Being a first generation immigrant I never had my parents share their stories with me or give me that pep talk about what to expect when I arrive at university. So a lot of what I expected to happen was based off of what I saw in American movies.
What I expected to happen was that I sit in a big lecture theatre and have a lecturer talk at me. On the face of it, this was true, because the first actual thing I did at university after I had done all of my induction was sit in a lecture theatre and have a lecturer talk me. I later realised that there was a lot more to university than just a lecture theatre filled with 200 not so eager students. Before I began university I had it all planned out, everything was so structured, I get As in my GCSEs get As in A-levels, get all my offers on UCAS then go to university. This was all perfect. This was all structured.
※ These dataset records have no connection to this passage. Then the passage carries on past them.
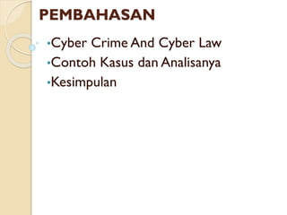 Dokumen ini membahas tentang cyber crime dan cyber law, termasuk definisi kejahatan siber dan analisis kasus pencurian uang nasabah bank yang terjadi melalui internet banking palsu. Kasus yang disoroti melibatkan berbagai nasabah yang kehilangan saldo mereka secara misterius, yang diduga diakibatkan oleh tindakan penipuan. Pelaku dapat dikenakan sanksi berdasarkan berbagai pasal di Kitab Undang-Undang Hukum Pidana.
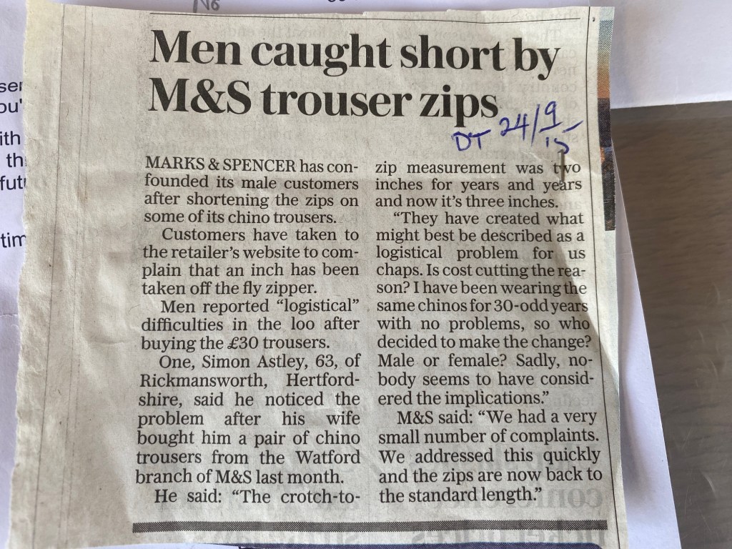 Just going through his stuff we’ve found this perfect example of dullness. The background is that he bought a pair of trousers from M&S, and discovered that the zip was shorter than he was used to – thus making the act of going for a wee a tiny bit more inconvenient.
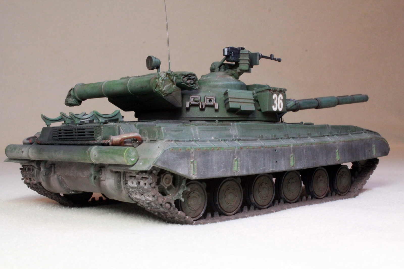 Окраска и тонировка, в целом, понравилась, но местами встречаются какие-то волосины. Не должно быть копоти на входных сетках МТО. И на фоне не сильно ушатанного танке абсолютно ржавые тросы выглядят очень странно. А вот с декалями печаль: Номера серебрятся, под знак гвардии на прожекторе, похоже, забрался пузырек воздуха, края серебрятся. Да и следовало бы его пролить смывкой, чтобы на нем проступил рельеф крышки прожектора.
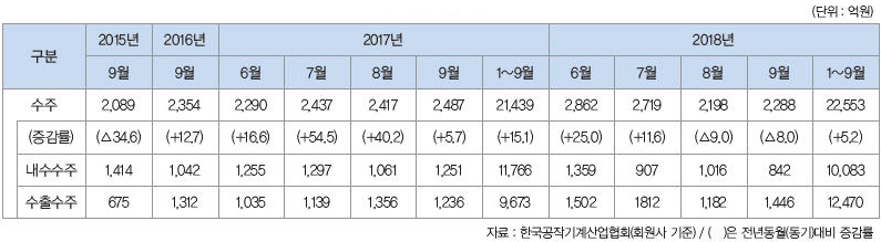 2018년 9월 공작기계 시장은 수주, 생산·출하가 증가했고, 수출은 감소했다. 내수 수주의 경우 전반적인 시장 위축, 추석연휴로 인한 조업일수 감소의 영향으로 감소세이며, 수출 수주는 미주 및 유럽 경기 호조 지속의 영향으로 반등했다.
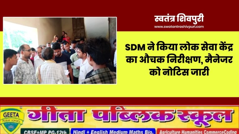 READ MOREशिवपुरी। अनुविभागीय दंडाधिकारी आईएएस अरविंद शाह द्वारा लोक सेवा केंद्र पिछोर का औचक निरीक्षण 19 जुलाई बुधवार को किया गया।
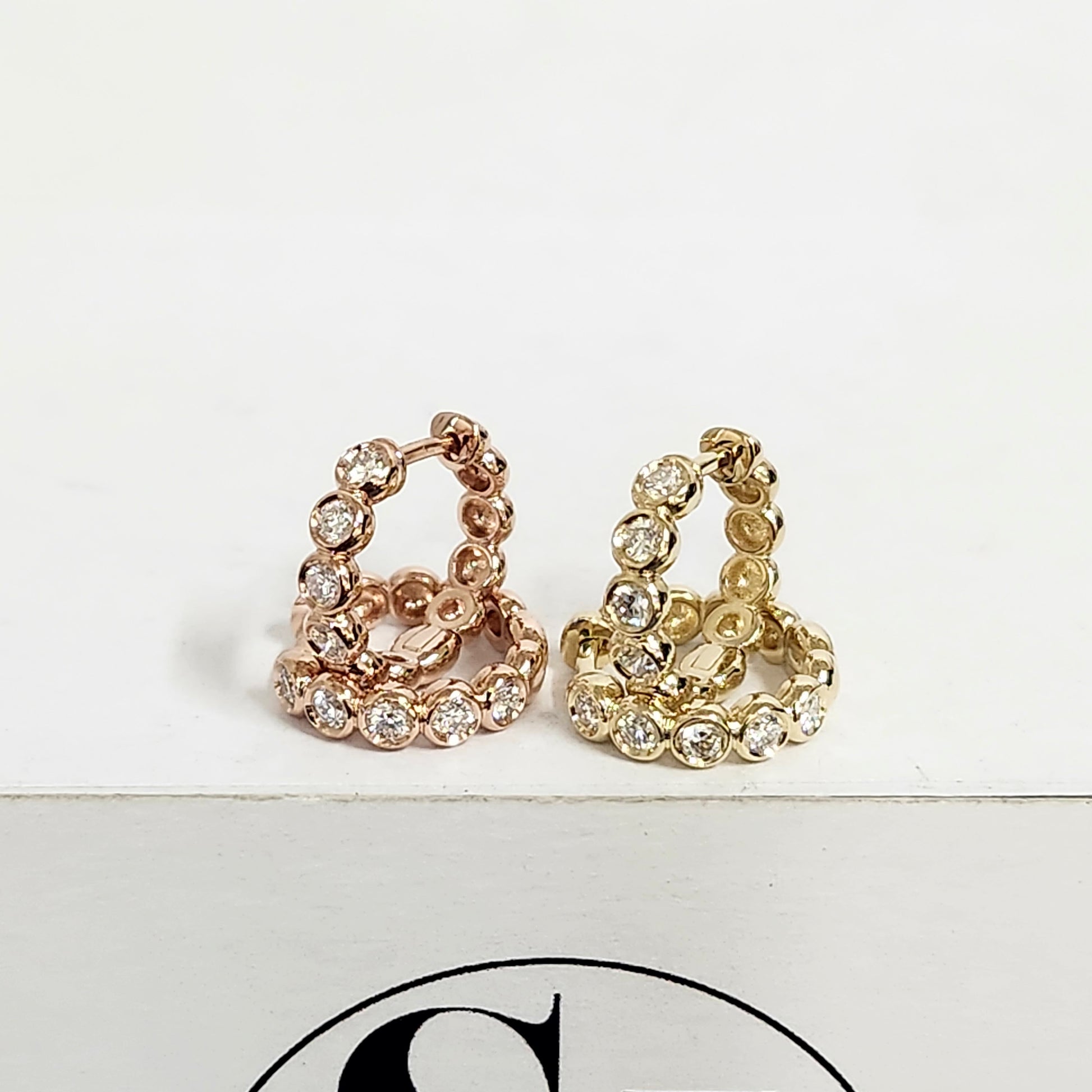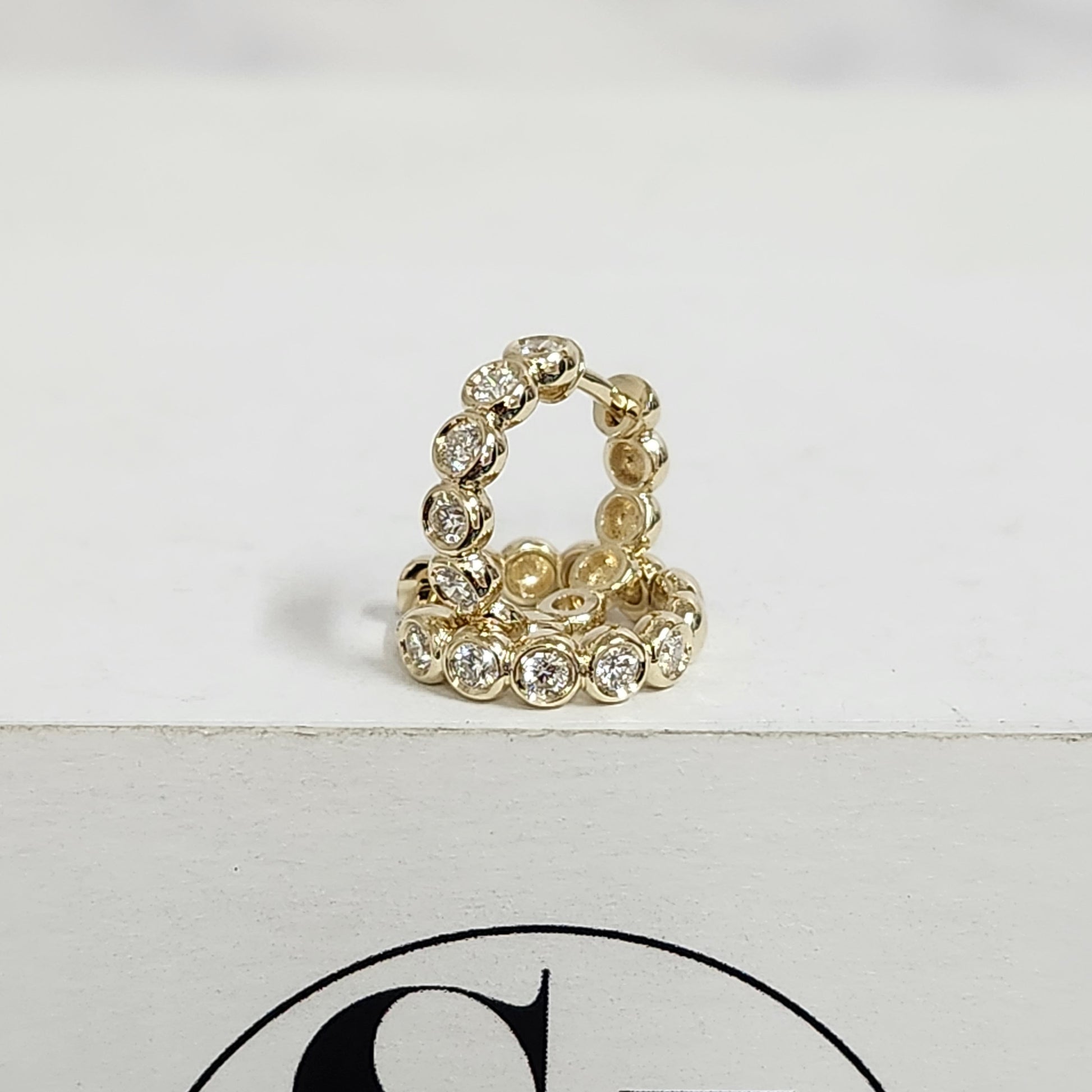 Round Diamond Bezel Hoop Earring/Natural Diamond Huggies Bezel Hoop Earring/14K gold ,18K gold Hoop Diamond Earring/Anniversary gift

The plan was after I finish university I would get a job. In my first year of university I really didn’t pay this ‘job’ much thought. I didn’t think I needed to. It would just be there waiting for me. I have a degree, I have good grades that automatically equated to a good job, a stable job, a job that gave me a regular income.
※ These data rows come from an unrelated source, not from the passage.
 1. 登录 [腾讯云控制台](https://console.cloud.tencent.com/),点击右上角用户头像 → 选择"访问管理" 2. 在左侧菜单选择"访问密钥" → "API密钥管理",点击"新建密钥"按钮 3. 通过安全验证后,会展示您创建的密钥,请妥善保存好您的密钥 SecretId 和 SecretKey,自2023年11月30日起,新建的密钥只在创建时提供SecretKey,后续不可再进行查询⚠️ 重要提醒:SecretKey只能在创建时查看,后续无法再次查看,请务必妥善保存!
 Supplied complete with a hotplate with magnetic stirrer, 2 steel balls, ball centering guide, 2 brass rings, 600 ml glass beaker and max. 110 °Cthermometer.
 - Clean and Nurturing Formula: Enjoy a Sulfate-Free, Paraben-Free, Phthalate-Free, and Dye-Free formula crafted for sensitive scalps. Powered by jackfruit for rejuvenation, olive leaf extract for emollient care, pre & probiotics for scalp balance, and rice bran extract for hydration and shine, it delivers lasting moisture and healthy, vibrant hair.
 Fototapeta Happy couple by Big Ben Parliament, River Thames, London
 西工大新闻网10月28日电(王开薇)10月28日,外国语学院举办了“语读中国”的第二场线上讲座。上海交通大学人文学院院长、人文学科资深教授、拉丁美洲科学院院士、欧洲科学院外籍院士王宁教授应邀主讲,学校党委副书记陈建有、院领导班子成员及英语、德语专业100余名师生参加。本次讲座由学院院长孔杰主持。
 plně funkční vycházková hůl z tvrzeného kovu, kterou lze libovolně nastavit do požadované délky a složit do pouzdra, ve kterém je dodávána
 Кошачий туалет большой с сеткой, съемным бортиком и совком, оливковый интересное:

In my final year at university, I spoke to previous graduates, majority were unemployed because they left their application too late. So, I decided to be organised. I put together a list of all the firms I wanted to apply to, their application open date and close date. I even fell back on my readings and assignments because I understood that applying to jobs was a priority.
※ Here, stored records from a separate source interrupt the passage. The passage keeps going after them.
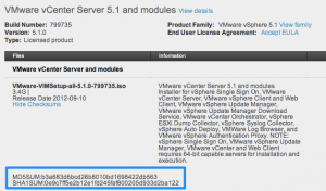 Now that vSphere 5.1 and assorted products have been released into the wild, how do you check the integrity of your downloaded file? As you might be aware of, VMware publishes both MD5 and SHA1 hashes for their files, making it possible to check if the file you just downloaded is identical to the file offered from VMware.
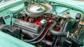 The 292ci Y-block V8 features finned valve covers and was factory rated at 198 horsepower and 286 lb-ft of torque. The four-barrel carburetor was rebuilt, the battery and generator were replaced, and a battery cutoff switch was installed in 2021. A Weiand tri-power intake manifold is included in the sale. An auxiliary electric fuel pump has been added to aid in starting the car.
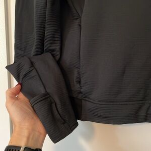 Two front pockets, thumbholes in sleeves
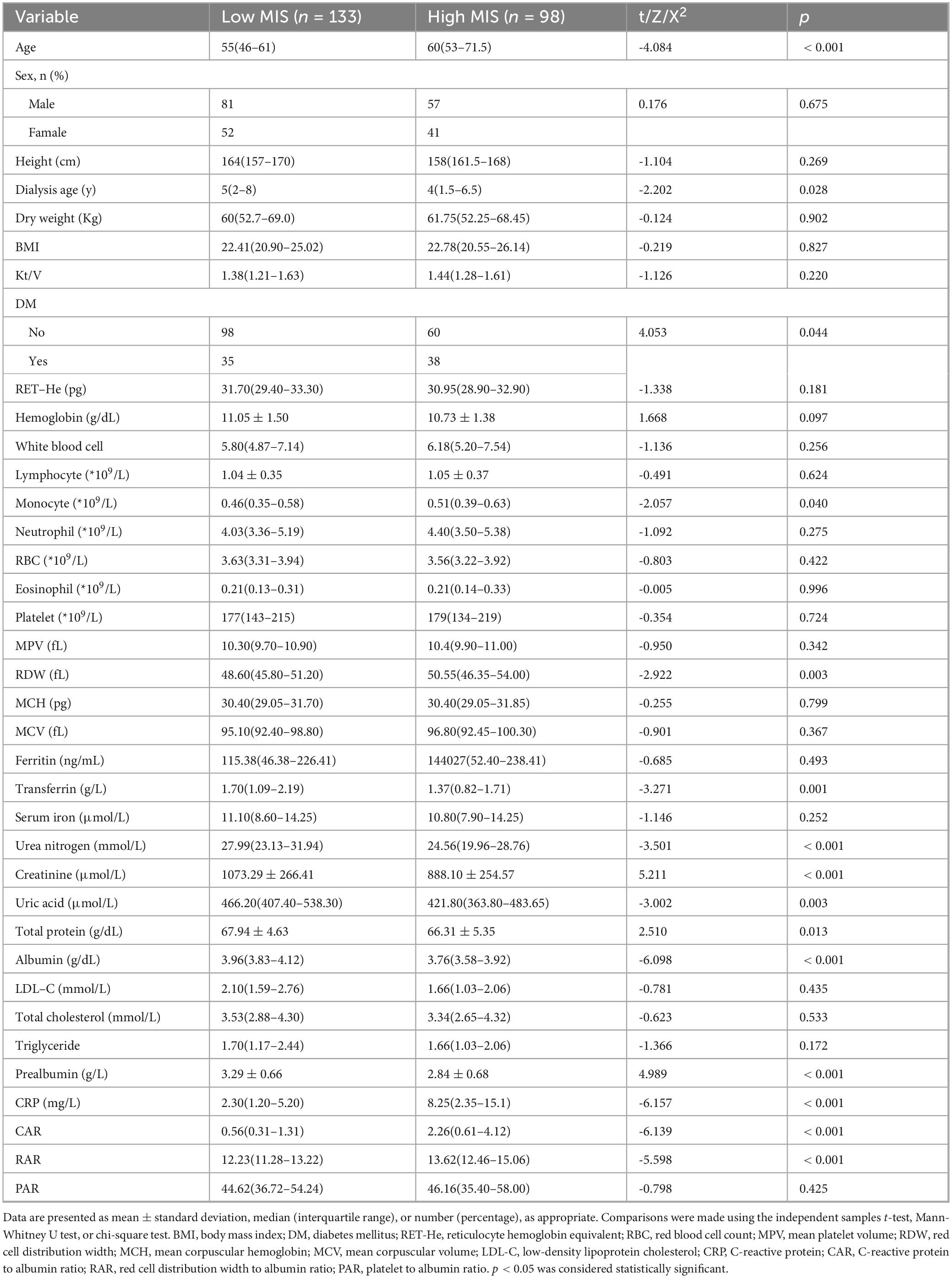 A total of 428 patients undergoing MHD were initially screened. Based on the established inclusion and exclusion criteria, 231 patients were ultimately selected for analysis (Figure 1). Patients were categorized into two groups according to their MIS: a low MIS group (n = 133, 57.6%) and a high MIS group (n = 98, 42.4%). The baseline demographic and clinical characteristics of these groups are detailed in Table 1. Both groups exhibited comparable characteristics in terms of dialysis vintage, dry weight, and BMI (p > 0.05). However, patients in the high MIS score group were significantly older than those in the low MIS score group (p < 0.05). Regarding laboratory indicators, the low MIS score group demonstrated significantly lower levels of white blood cells, monocytes, eosinophils, and CRP compared to the high MIS score group (p < 0.05). Conversely, the levels of transferrin, blood urea nitrogen, creatinine, uric acid, albumin, and prealbumin were significantly higher in the low MIS score group than in the high MIS score group (p < 0.05).
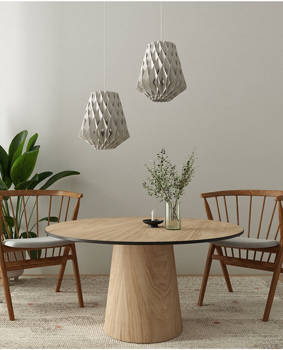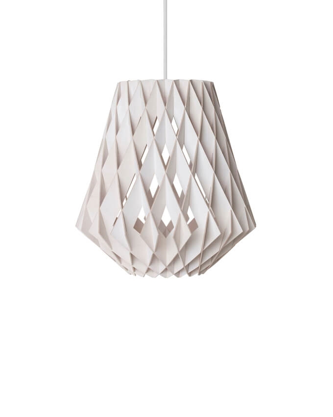 De hanglamp heeft met zijn grote vorm een aanwezigheid in de ruimte en past zowel in privé- als openbare omgevingen. De hanglamp is gemaakt van duurzaam gecertificeerd berkenmultiplex, dat met de hand is vervaardigd. De berkenlamellen creëren een warme sfeer wanneer het licht erdoorheen schijnt en zijn zonder schroeven of lijm gemonteerd. Bovendien heeft de hanglamp een stijlvol en geometrisch ontwerp dat in elke ruimte de aandacht trekt.
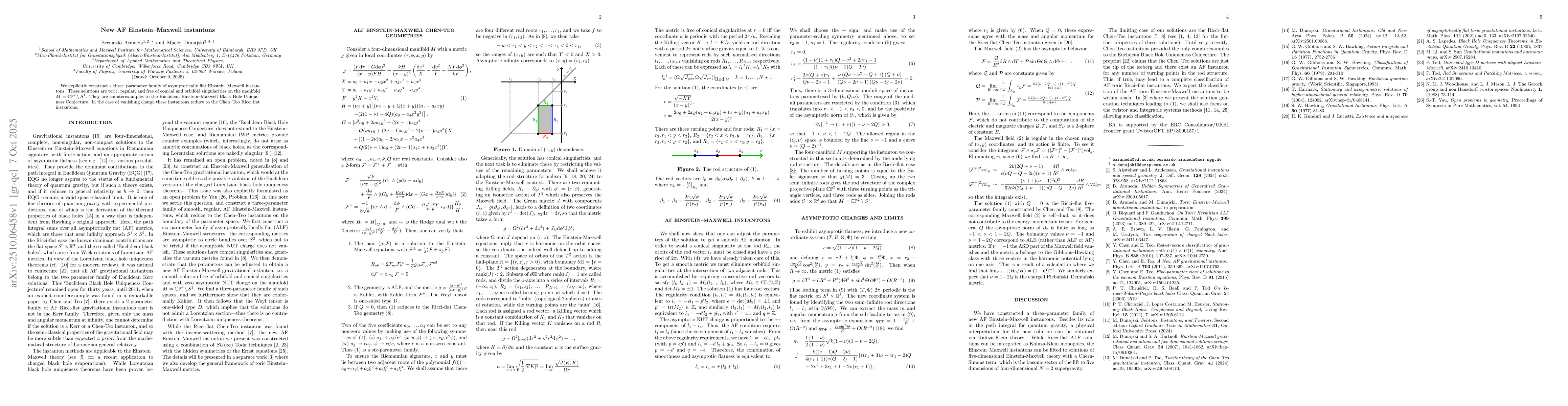 The authors constructed a three-parameter family of asymptotically flat Einstein--Maxwell instantons using a toric geometry approach with rod structure formalism and symmetry reductions.

I went on all the graduate recruitment pages, signed up my details, sent out my CV and waited… And I waited.
I did all of my Situational Judgment Tests, I passed a few, didn’t pass others, and then I waited.
When it became time to graduate, there was lots of joy and happiness in the air, lots of optimism. We posed for photos, uploaded them to Instagram and had the likes and comments rolling in, but it ignored the reality of what was to come.
Come September, after months of applying I had nothing, nothing to wake up early in the mornings for, nothing to challenge me, nothing to excite me, no regular income. My biggest embarrassment is having to ask my parents for my bus fare. I am left asking myself, what is wrong with me, what have I done wrong, what is this secret to getting a job that I am not in on.